De maoïsten voeren in die districten waar zij zeggenschap hebben of districten waar ze ernaar streven hun invloed te vergroten, regelmatig executies uit. Zij hebben het met name voorzien op politieke leiders zoals Chief District Officers (CDO's), politie-officieren en leden van de Village Development Committees (VDC's).

Het US Department of State maakt melding van een totaal van 1124 personen dat tot en met december 1999 als gevolg van de maoïstische opstand om het leven is gekomen. Het zou daarbij gaan om 109 politie-officieren, 174 burgers en 841 opstandelingen.
Tevens wordt er melding gemaakt van enkele personen die tijdens detentie om het leven zouden zijn gekomen.
In september 2000 meldde de Minister van Binnenlandse Zaken, Govind Raj Joshi dat sedert het begin van de opstand in 1996, 1400 personen om het leven waren gekomen als gevolg van deze opstand. Amnesty International meldt in haar rapport van februari 2000 dat sinds het begin van de opstand in 1996 tot en met november 1999, 760 personen door de politie om het leven zouden zijn gebracht. Amnesty schat dat het in de helft van de gevallen om buitengerechtelijke executies zou kunnen gaan.

De opstandelingen zouden ten minste 209 politie-functionarissen hebben gedood en zelf 979 strijders hebben verloren. Daarnaast zouden 249 burgers zijn vermoord door de maoïsten dan wel als gevolg van confrontaties tussen maoïsten en de politie om het leven zijn gekomen. Daarnaast zouden de Maoïsten ongeveer 270 personen hebben ontvoerd waaronder enkele kinderen die als kindsoldaten ingezet zouden worden bij de strijd.

De doodstraf werd met het aannemen van de grondwet in 1990 afgeschaft.
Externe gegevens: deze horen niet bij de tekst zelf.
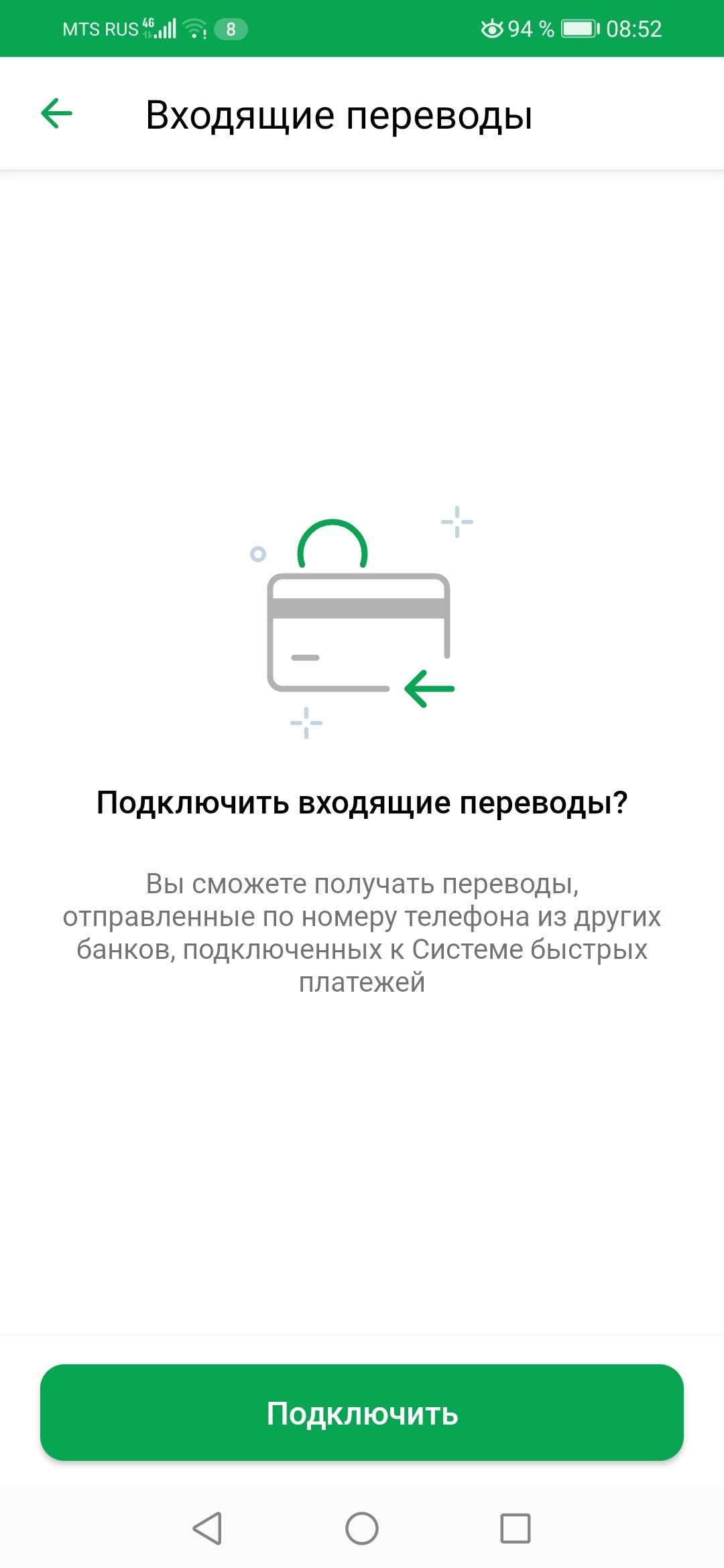 И так подключение входящих переводов нужно нам для того — что-бы иметь возможность приема переводов которые были отправлены на ваш номер телефона по системе быстрых платежей от других пользователей которые обслуживаются в другом банке.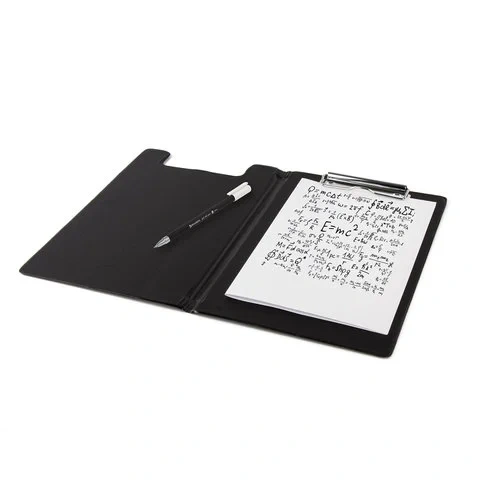 Папка-планшет формата А5 с верхним прижимом и крышкой фиксирует до 90 листов. Изготовлена из плотного картона толщиной 4 мм с покрытием из износоустойчивого ПВХ, что позволяет комфортно делать записи на весу. Металлический прижим обеспечивает плотное прилегание документов, а верхняя крышка надежно защищает ваши документы от пыли, влаги и других негативных факторов внешней среды.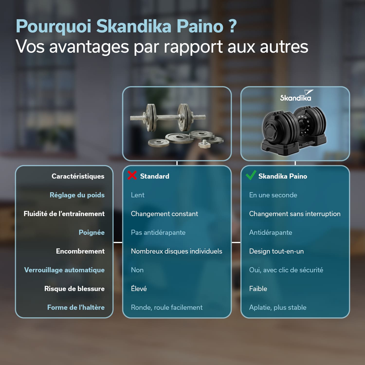 Avec le Skandika Paino, votre salle de sport à domicile s'enrichit d'un haltère réglable qui séduit par son système de changement rapide innovant et son design tout-en-un peu encombrant. Il combine douze niveaux de poids allant de 3 à 24,0 kg dans un seul appareil d'entraînement compact et permet ainsi de nombreux exercices pour les débutants comme pour les utilisateurs avancés. Le système intelligent de verrouillage automatique facilite le changement de poids et garantit des entraînements efficaces sans interruptions inutiles.
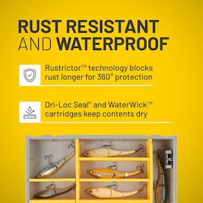 - A tecnologia Rustrictor proporciona 360 graus de prevenção de ferrugem | O sistema EZ Label oferece identificação rápida e personalizável do conteúdo | A tampa de policarbonato transparente DuraView é durável e permite que você veja e encontre equipamentos facilmente
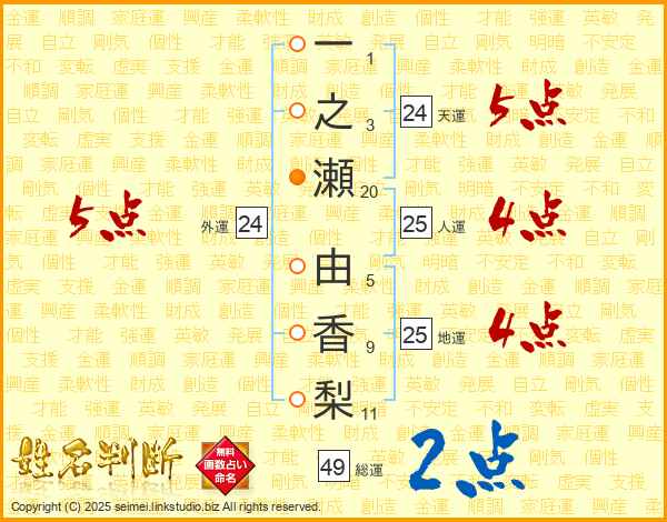 一(1画)之(3画)瀬(20画) 由(5画)香(9画)梨(11画)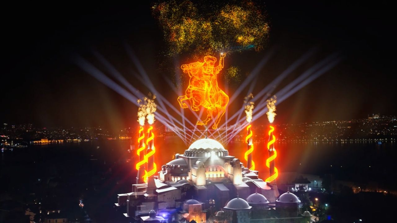 İstanbul`un fethinin 568. yıl dönümü, Cumhurbaşkanlığı İletişim Başkanlığınca Kültür ve Turizm Bakanlığı iş birliğinde gerçekleştirilen etkinliklerde fethin sembolü Ayasofya-i Kebir Cami-i Şerifi`nin semasına Türkiye`de ilk kez uygulanan gökyüzü video haritalama yöntemiyle fetih görselleri yansıtıldı. (Arşiv-29.05.2021)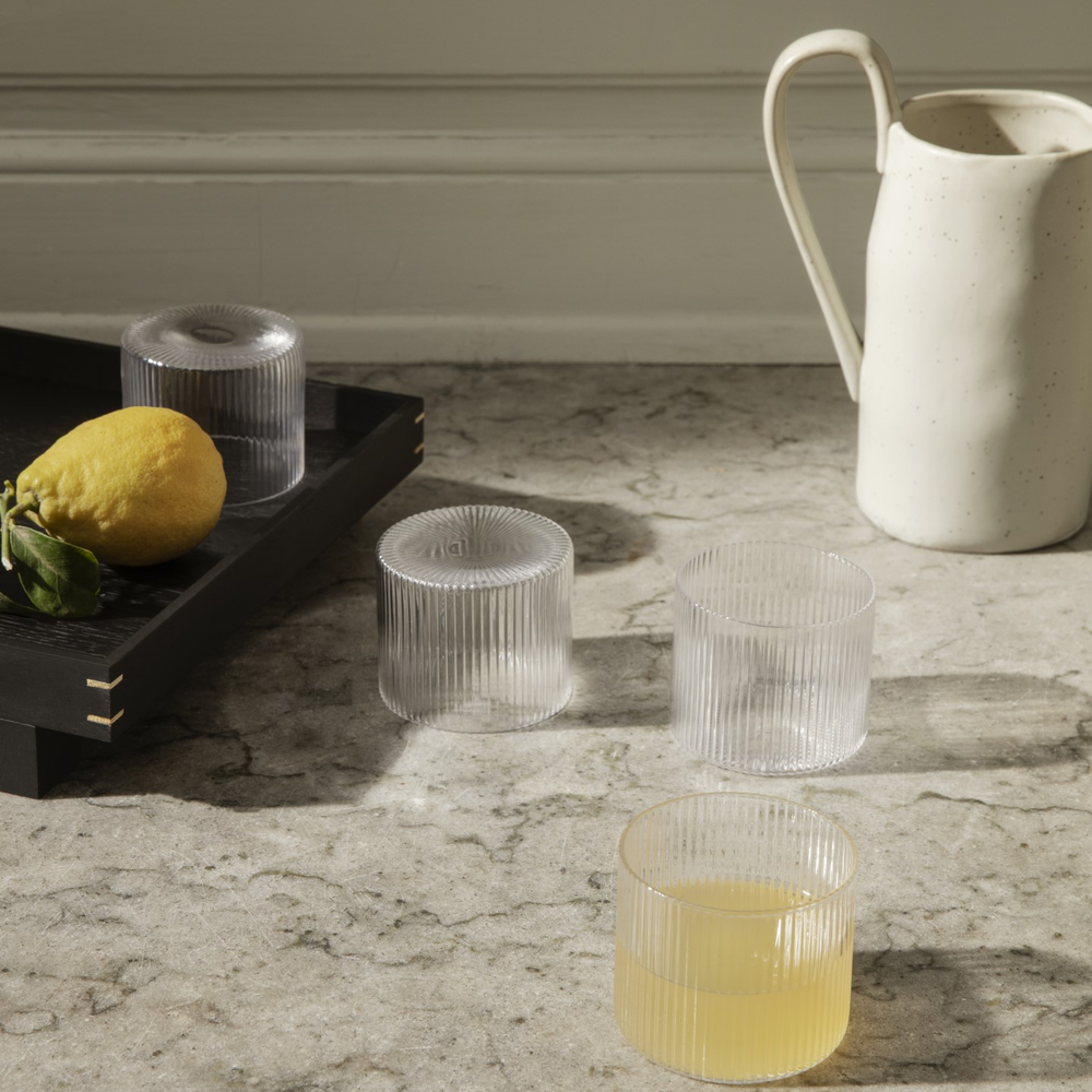 Mouth blown into the mould, this set of four low glasses features a distinctive, beautifully rippled surface. The vertical lines add a strong and sophisticated look to their understated, classic form and are perfect for casual dining. Pair them with other pieces in the Ripple glass collection for a unified dining experience.
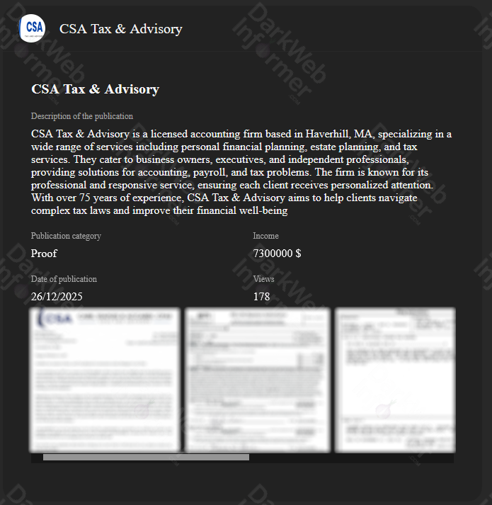 The LYNX ransomware group claims to have obtained data from CSA Tax & Advisory, a licensed accounting firm based in Haverhill, Massachusetts.

In Nepal volgt op beschuldigingen van buitengerechtelijke executies door de politie, meestal een intern politie-onderzoek op basis van de 'Police Act' uit 1955.
Indien politie-officieren schuldig worden bevonden aan overtreding van die Act worden zij bestraft volgens de maatstaven die genoemd zijn in deze 'Police Act'. Onduidelijk is in hoeveel gevallen dit daadwerkelijk heeft geleid tot het nemen van maatregelen tegen politie-functionarissen die beschuldigd worden van buitengerechtelijke executies.

3.4 Positie van specifieke groepen


Grondwettelijk zijn er in Nepal geen groepen die te maken hebben met een wettelijke vorm van discriminatie (art. 11). Zoals reeds beschreven heeft de kaste van de 'untouchables' of wel 'Dalits' in Nepal, ondanks een wettelijk verbod hiertoe, in de praktijk te maken met discriminatie. Ook de positie van vrouwen in Nepal is met name in de landelijke gebieden achtergesteld aan die van mannen.

Discriminatie op grond van geslacht is constitutioneel verboden (art. 11.2), maar in de praktijk hebben vrouwen in ontwikkelingsmogelijkheden een achterstand. Met name in de landelijke gebieden is er geen sprake van een gelijkgestelde positie. Geweld tegen vrouwen vormt een probleem in Nepal. Er bestaat geen wetgeving tegen huiselijk geweld, terwijl dit veel voorkomt. Met name in de landelijke gebieden komen verkrachtingen en incest veel voor. Verkrachting van een vrouw onder de 14 jaar kan worden bestraft met een gevangenisstraf tussen 6 - 10 jaar. Is de vrouw ouder dan 14 jaar dan staat op verkrachting een straf van 3 - 5 jaar. In geval van een verkrachting van een prostituee is de maximale straf één jaar of een boete. Een ander veelvoorkomend probleem voor vrouwen is de vrouwenhandel in vooral de armere delen van Nepal. Veel vrouwen worden gedwongen in de prostitutie te werken in India of het Midden-Oosten. Het US Department of State schat dat tussen de 100.000-200.000 Nepalese vrouwen als prostituee werkzaam zijn in India.
In veel gevallen worden vrouwen en meisjes door familie en bekenden verkocht om in de prostitutie te werk te worden gesteld.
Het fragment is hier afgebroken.